In a savings account or other account that pays you interest, the annual percentage rate is the nominal rate paid on deposits. This may also be known as just the rate. Most financial institutions compute and pay out interest many times during the year, like every month on a savings account. Because you can earn a tiny bit of interest late in the year on the money paid out as interest early in the year, to understand the actual net increase in account value, you have to use the annual percentage yield (APY), discussed below.

In a loan or other arrangement where you pay interest to some financial institution, you will also encounter annual percentage rates. Every loan has a rate associated with it, for example a 6% rate paid on a home mortgage. Federal lending laws (Truth in Lending) require lenders to compute and disclose an annual percentage rate for a loan as means to report the true cost of the loan. This just means that the lender is supposed to include all fees and other charges with the note rate to report a single number, the APR. This sounds great, but it doesn’t actually work so well in practice because there do not appear to be clear guidelines for lenders on what fees must be included and which can be omitted. Some fees that are usually included are points, a loan processing fee, private mortgage insurance, etc. Fees that are usually omitted include title insurance, etc. So the APR of a loan is a useful piece of data but not the only thing you should consider when shopping for a loan.


Annual percentage yield (APY)

The annual percentage yield of an account that pays interest is the actual percentage increase in the value of an account after a 1-year period when the interest is compounded at some regular interval. This is sometimes called the effective annual rate. You can use APY to compare compound interest rates. The formula is:

        APY = (1 + r / n ) ^ n - 1

Where:

  • ‘r’ is the interest rate (e.g., r=.05 for a 5% rate)
  • ‘n’ is the number of times that the interest is compounded over the course of a year (e.g., n=12 for monthly compounding).

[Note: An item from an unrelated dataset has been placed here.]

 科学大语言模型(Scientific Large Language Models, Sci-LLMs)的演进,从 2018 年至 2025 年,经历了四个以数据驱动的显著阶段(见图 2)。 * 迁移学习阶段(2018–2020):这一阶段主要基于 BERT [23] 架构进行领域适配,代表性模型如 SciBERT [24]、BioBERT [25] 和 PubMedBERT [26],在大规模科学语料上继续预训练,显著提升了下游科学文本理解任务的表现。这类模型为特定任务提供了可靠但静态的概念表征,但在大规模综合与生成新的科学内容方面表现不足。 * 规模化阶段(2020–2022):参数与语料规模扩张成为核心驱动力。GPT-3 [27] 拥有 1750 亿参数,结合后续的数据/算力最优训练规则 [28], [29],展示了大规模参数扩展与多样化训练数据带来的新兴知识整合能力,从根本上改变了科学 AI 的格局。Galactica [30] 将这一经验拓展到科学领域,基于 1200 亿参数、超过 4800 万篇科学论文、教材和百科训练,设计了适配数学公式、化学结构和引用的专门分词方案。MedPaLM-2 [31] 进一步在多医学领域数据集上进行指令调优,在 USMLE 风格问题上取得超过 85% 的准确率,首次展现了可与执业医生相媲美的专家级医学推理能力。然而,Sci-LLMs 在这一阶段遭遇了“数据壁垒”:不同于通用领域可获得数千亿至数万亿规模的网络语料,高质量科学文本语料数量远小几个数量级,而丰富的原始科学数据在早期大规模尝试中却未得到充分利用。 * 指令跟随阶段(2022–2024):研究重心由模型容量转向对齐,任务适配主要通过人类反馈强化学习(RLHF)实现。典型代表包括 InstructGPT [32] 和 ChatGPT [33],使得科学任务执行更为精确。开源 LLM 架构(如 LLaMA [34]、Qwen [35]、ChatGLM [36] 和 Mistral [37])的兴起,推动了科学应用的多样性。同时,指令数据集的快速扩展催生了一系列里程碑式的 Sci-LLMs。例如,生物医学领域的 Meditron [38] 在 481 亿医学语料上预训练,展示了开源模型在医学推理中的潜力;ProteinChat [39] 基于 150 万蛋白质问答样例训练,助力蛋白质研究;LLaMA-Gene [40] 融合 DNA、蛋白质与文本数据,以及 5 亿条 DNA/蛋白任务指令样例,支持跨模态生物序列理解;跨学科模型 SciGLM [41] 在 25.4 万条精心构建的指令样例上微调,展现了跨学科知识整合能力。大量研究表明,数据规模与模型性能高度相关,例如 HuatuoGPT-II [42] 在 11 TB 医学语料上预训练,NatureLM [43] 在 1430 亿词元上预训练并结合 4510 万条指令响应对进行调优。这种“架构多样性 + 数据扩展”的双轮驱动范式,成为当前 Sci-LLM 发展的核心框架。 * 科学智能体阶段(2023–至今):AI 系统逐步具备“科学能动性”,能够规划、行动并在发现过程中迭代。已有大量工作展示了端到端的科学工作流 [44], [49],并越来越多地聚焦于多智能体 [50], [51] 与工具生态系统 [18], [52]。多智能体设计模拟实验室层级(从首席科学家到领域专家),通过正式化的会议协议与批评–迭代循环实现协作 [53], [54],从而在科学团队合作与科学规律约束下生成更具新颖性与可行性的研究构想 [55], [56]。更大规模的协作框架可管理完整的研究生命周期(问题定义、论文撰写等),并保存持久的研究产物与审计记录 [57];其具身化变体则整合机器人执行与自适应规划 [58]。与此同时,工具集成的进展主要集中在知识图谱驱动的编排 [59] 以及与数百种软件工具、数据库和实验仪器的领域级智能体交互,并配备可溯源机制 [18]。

The symbol ‘^’ means exponentiation; e.g., 2 ^ 3 = 8. For example, if an account pays 5% compounded monthly, then the annual percentage yield will be just a bit greater than 5%:

        APY = (1 + .05 / 12 ) ^ 12 - 1
            = 1.0042 ^ 12 - 1
            = 1.0512 - 1
	    = .0512 (or 5.12%)

If interest is compounded just once during the year (i.e., annually), then the APY is the same as the APR. If interest is compounded continuously, the formula is

        APY = e ^ n - 1

where ‘e’ is Euler’s constant (approximately 2.7183).